--- Your goal ---
All of the lines below are to be transcribed faithfully, with pictures excluded from the copy.

--- Provided data ---
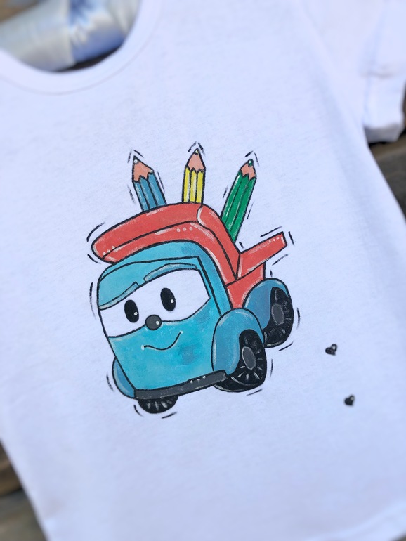 Роспись по ткани, батикГрузовичок Лёва - ещё один любимый герой маленького мальчугана. Роспись по ткани стойкими красками.
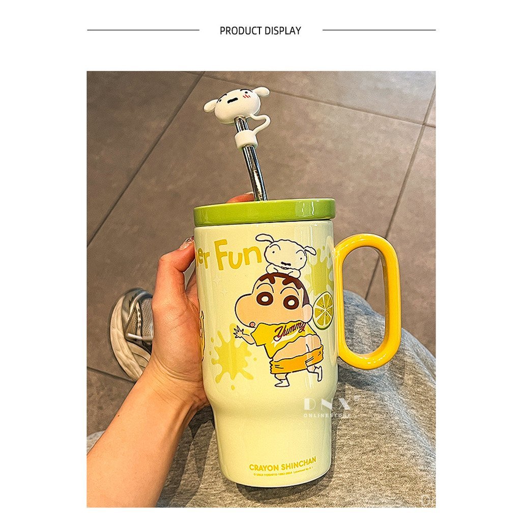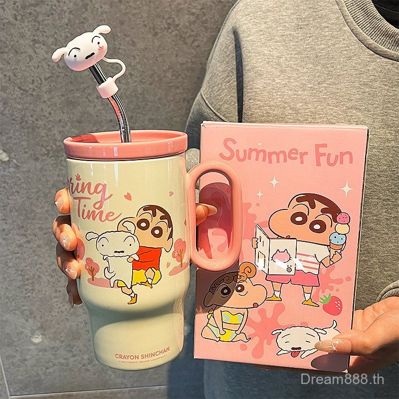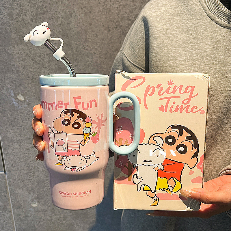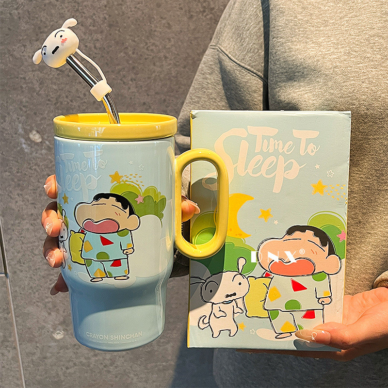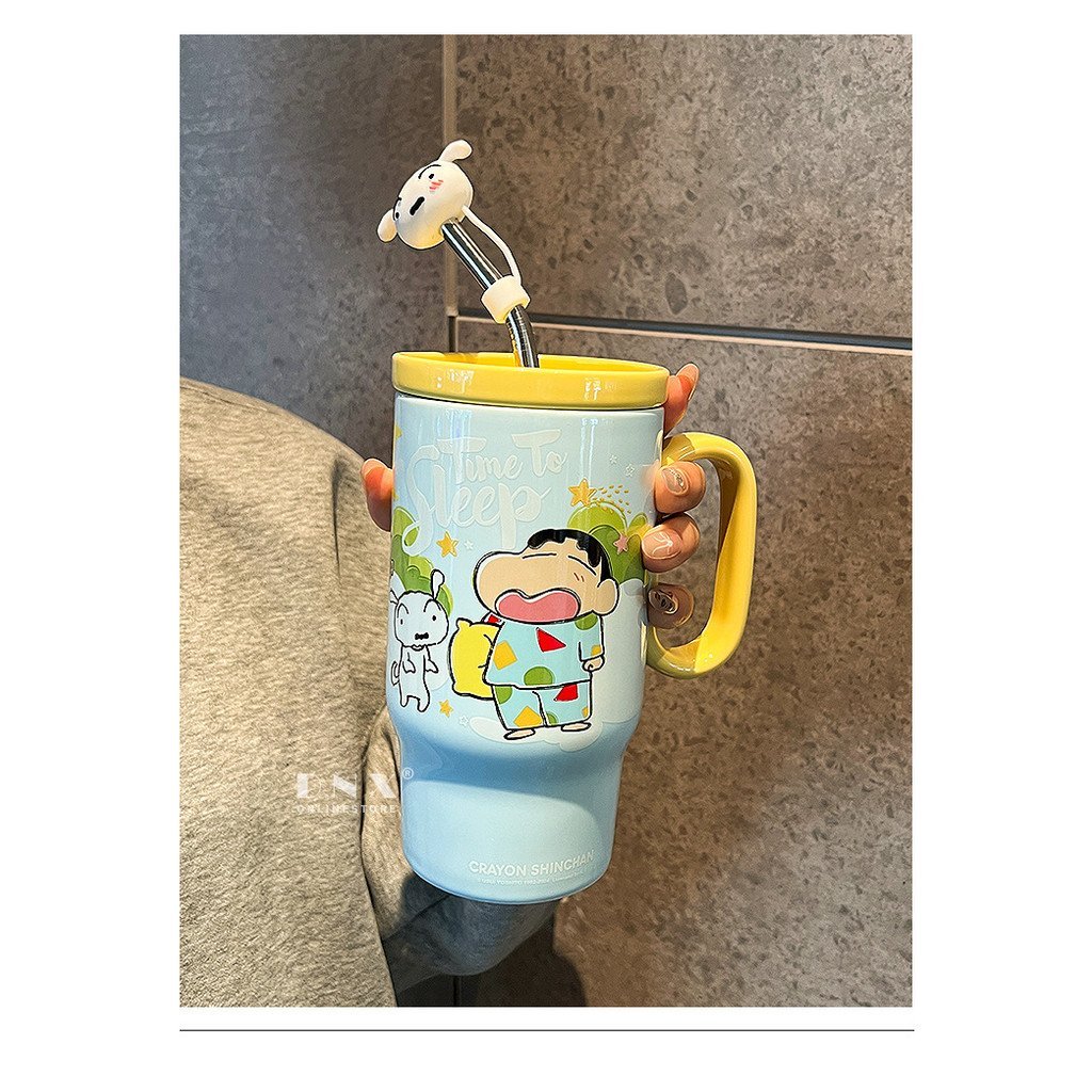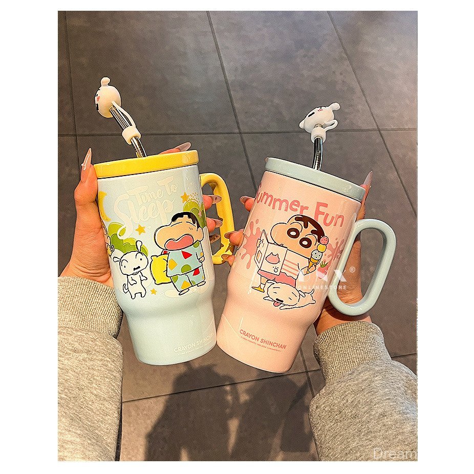 Crayon Shin-Chan Co-Branded Mug ใหม่หญิงถ้วยน้ํามูลค่าสูงถ้วยกาแฟสํานักงานเซรามิคถ้วยน้ําความจุขนาดใหญ่
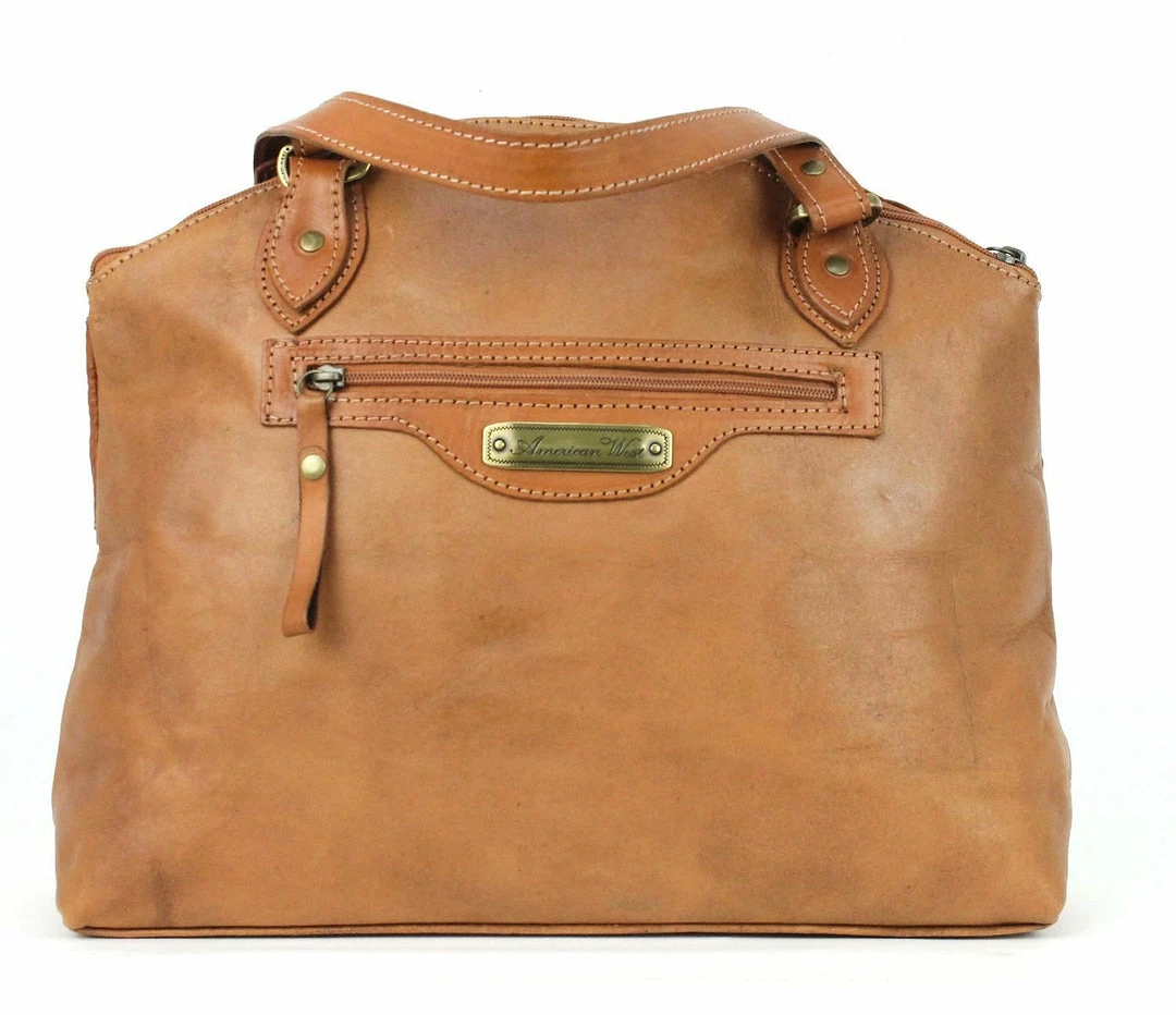 Texas Rose Collection: Hand-tooled genuine leather zip top tote featuring rose designs, a brass concho, brass spots with bolo style tassels. Smooth leather back. Interior is one large open compartment with slip pockets and a zippered interior pocket.
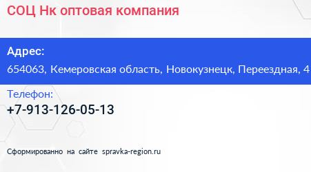 СОЦ Нк, оптовая компания по адресу 654063, Кемеровская область, Новокузнецк, Переездная, 4 в дальнейшем Организация, размещена в следующих категориях:
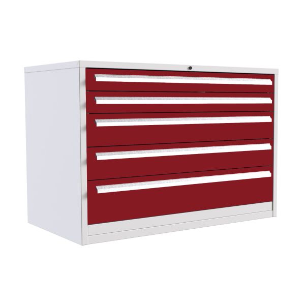 Euroslide 5 Drawer - 2x100mm, 2x125mm, 1x300mm - H.825 W.1200 D.650 - Red

--- Response to this exercise ---
 Роспись по ткани, батикГрузовичок Лёва - ещё один любимый герой маленького мальчугана. Роспись по ткани стойкими красками.
 Crayon Shin-Chan Co-Branded Mug ใหม่หญิงถ้วยน้ํามูลค่าสูงถ้วยกาแฟสํานักงานเซรามิคถ้วยน้ําความจุขนาดใหญ่
 Texas Rose Collection: Hand-tooled genuine leather zip top tote featuring rose designs, a brass concho, brass spots with bolo style tassels. Smooth leather back. Interior is one large open compartment with slip pockets and a zippered interior pocket.
 СОЦ Нк, оптовая компания по адресу 654063, Кемеровская область, Новокузнецк, Переездная, 4 в дальнейшем Организация, размещена в следующих категориях:
 Euroslide 5 Drawer - 2x100mm, 2x125mm, 1x300mm - H.825 W.1200 D.650 - Red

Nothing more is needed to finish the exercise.